Once you have downloaded and extracted the archive, you can see the folders s1, s2, up to s40, as shown here:
Each of these folders has 10 different images of a single person taken from various angles. For instance, let's open folder s1. As you can see, there are 10 different images of a single person:
We open and check folder s13:
As we know that siamese networks require input values as a pair along with the label, we have to create our data in such a way. So, we will take two images randomly from the same folder and mark them as a genuine pair and we will take single images from two different folders and mark them as an imposite pair. A sample is shown in the following screenshot; as you can see, a genuine pair has images of the same person and the imposite pair has images of different people:
Once we have our data as pairs along with their labels, we train our siamese network. From the image pair, we feed one image to network A and another image to network B. The role of these two networks is only to extract the feature vectors. So, we use two convolution layers with rectified linear unit (ReLU) activations for extracting the features. Once we have learned the features, we feed the resultant feature vector from both of the networks to the energy function, which measures the similarity; we use Euclidean distance as our energy function. So, we train our network by feeding the image pair to learn the semantic similarity between them. Now, we will see this step by step.

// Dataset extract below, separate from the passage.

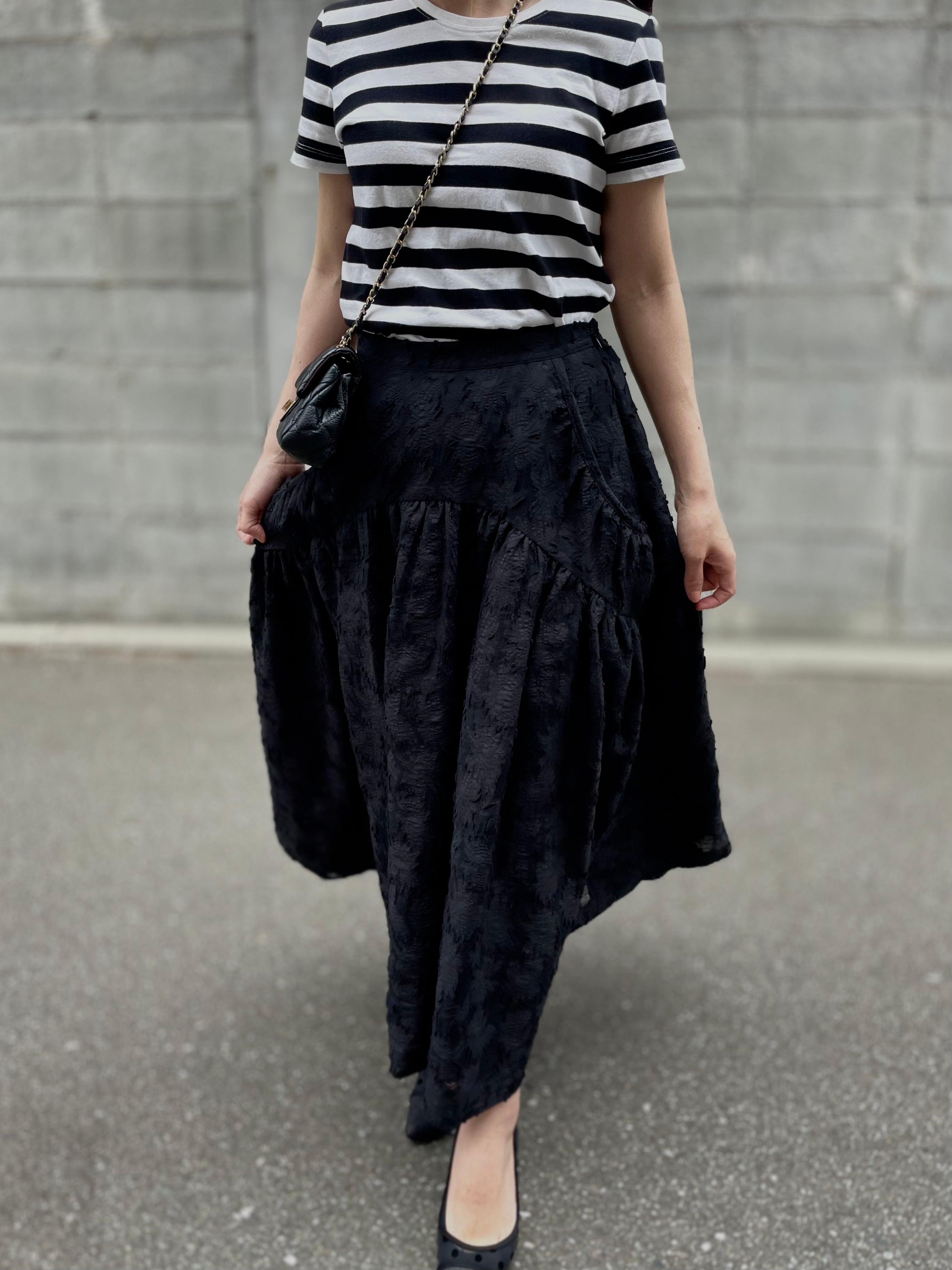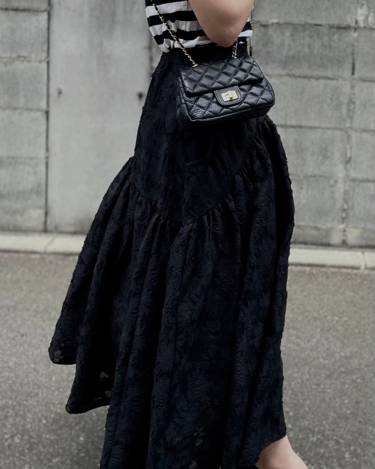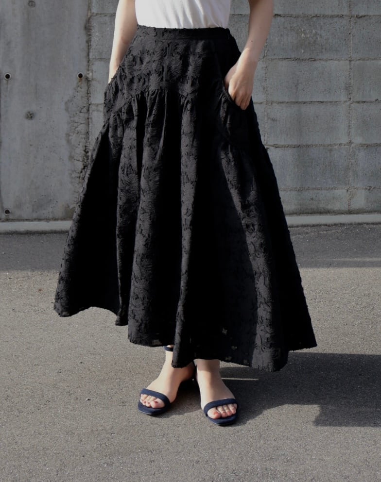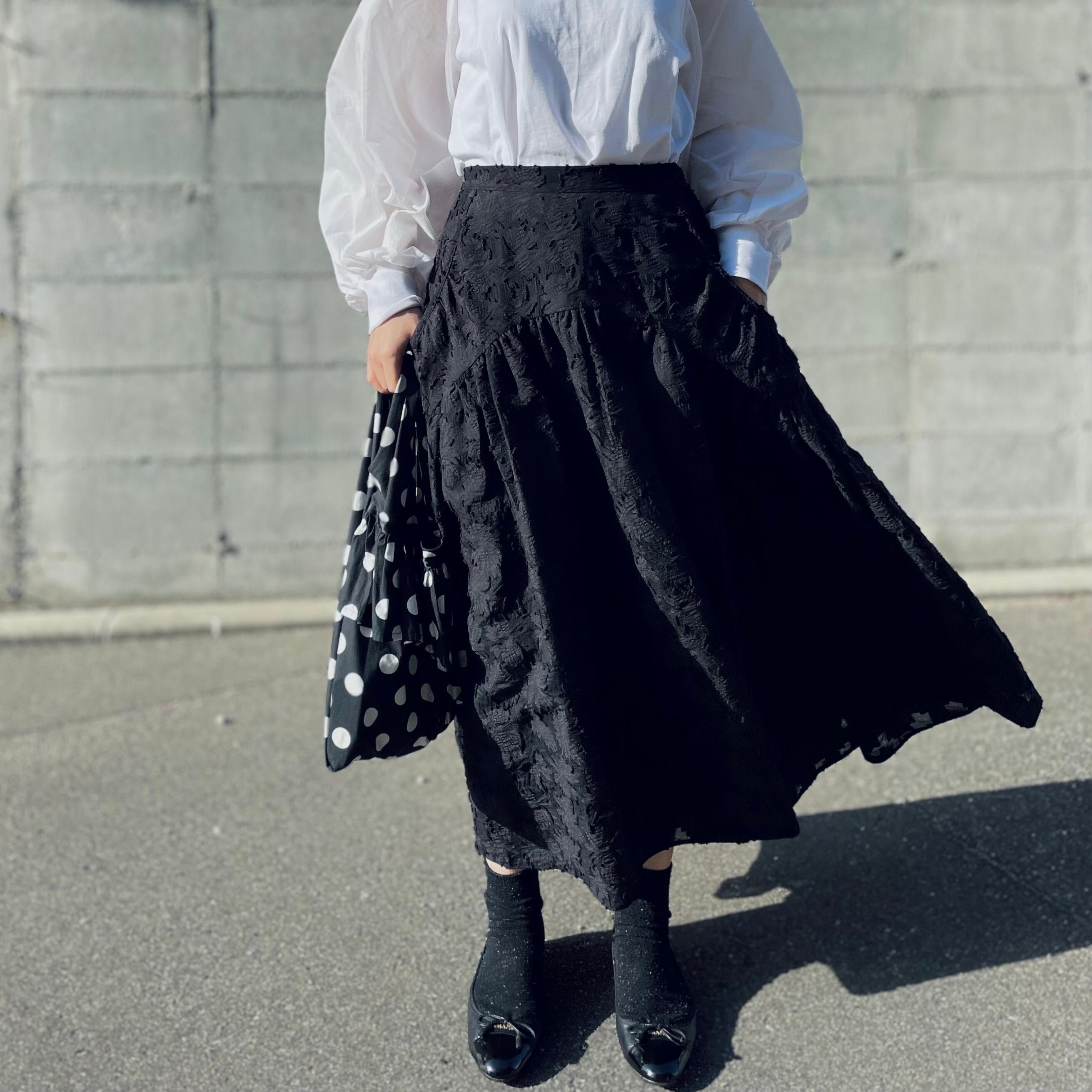 時間をかけて丁寧に作られたこのスカートは、一枚で存在感があり、おしゃれ上級者のアイテムとしてオススメです。

For better understanding, you can check the complete code, which is available as a Jupyter Notebook with an explanation here: https://github.com/sudharsan13296/Hands-On-Meta-Learning-With-Python/blob/master/02.%20Face%20and%20Audio%20Recognition%20using%20Siamese%20Networks/2.4%20Face%20Recognition%20Using%20Siamese%20Network.ipynb.
First, we will import the required libraries:
import re
import numpy as np
from PIL import Image
from sklearn.model_selection import train_test_split
from keras import backend as K
from keras.layers import Activation
from keras.layers import Input, Lambda, Dense, Dropout, Convolution2D, MaxPooling2D, Flatten
from keras.models import Sequential, Model
from keras.optimizers import RMSprop
Now, we define a function for reading our input image. The read_image function takes as input an image and returns a NumPy array:
def read_image(filename, byteorder='>'):
#first we read the image, as a raw file to the buffer
with open(filename, 'rb') as f:
buffer = f.read()
#using regex, we extract the header, width, height and maxval of the image
header, width, height, maxval = re.search(
b"(^P5\s(?:\s*#.*[\r\n])*"
b"(\d+)\s(?:\s*#.*[\r\n])*"
b"(\d+)\s(?:\s*#.*[\r\n])*"
b"(\d+)\s(?:\s*#.*[\r\n]\s)*)", buffer).groups()
#then we convert the image to numpy array using np.frombuffer which interprets buffer as one dimensional array
return np.frombuffer(buffer,
dtype='u1' if int(maxval) < 256 else byteorder+'u2',
count=int(width)*int(height),
offset=len(header)
).reshape((int(height), int(width)))
For an example, let's open one image:
Image.open("data/orl_faces/s1/1.pgm")
When we feed this image to our read_image function, it will return as a NumPy array:
img = read_image('data/orl_faces/s1/1.pgm')
img.shape
(112, 92)
Now, we define another function, get_data, for generating our data. As we know, for the siamese network, data should be in the form of pairs (genuine and imposite) with a binary label.
First, we read the (img1, img2) images from the same directory and store them in the x_genuine_pair array and assign y_genuine to 1. Next, we read the (img1, img2) images from the different directory and store them in the x_imposite pair and assign y_imposite to 0.
Finally, we concatenate both x_genuine_pair and x_imposite to X and y_genuine and y_imposite to Y:
size = 2
total_sample_size = 10000
def get_data(size, total_sample_size):
#read the image
image = read_image('data/orl_faces/s' + str(1) + '/' + str(1) + '.pgm', 'rw+')
#reduce the size
image = image[::size, ::size]
#get the new size
dim1 = image.shape[0]
dim2 = image.shape[1]
count = 0
#initialize the numpy array with the shape of [total_sample, no_of_pairs, dim1, dim2]
x_geuine_pair = np.zeros([total_sample_size, 2, 1, dim1, dim2]) # 2 is for pairs
y_genuine = np.zeros([total_sample_size, 1])
for i in range(40):
for j in range(int(total_sample_size/40)):
ind1 = 0
ind2 = 0
#read images from same directory (genuine pair)
while ind1 == ind2:
ind1 = np.random.randint(10)
ind2 = np.random.randint(10)
# read the two images
img1 = read_image('data/orl_faces/s' + str(i+1) + '/' + str(ind1 + 1) + '.pgm', 'rw+')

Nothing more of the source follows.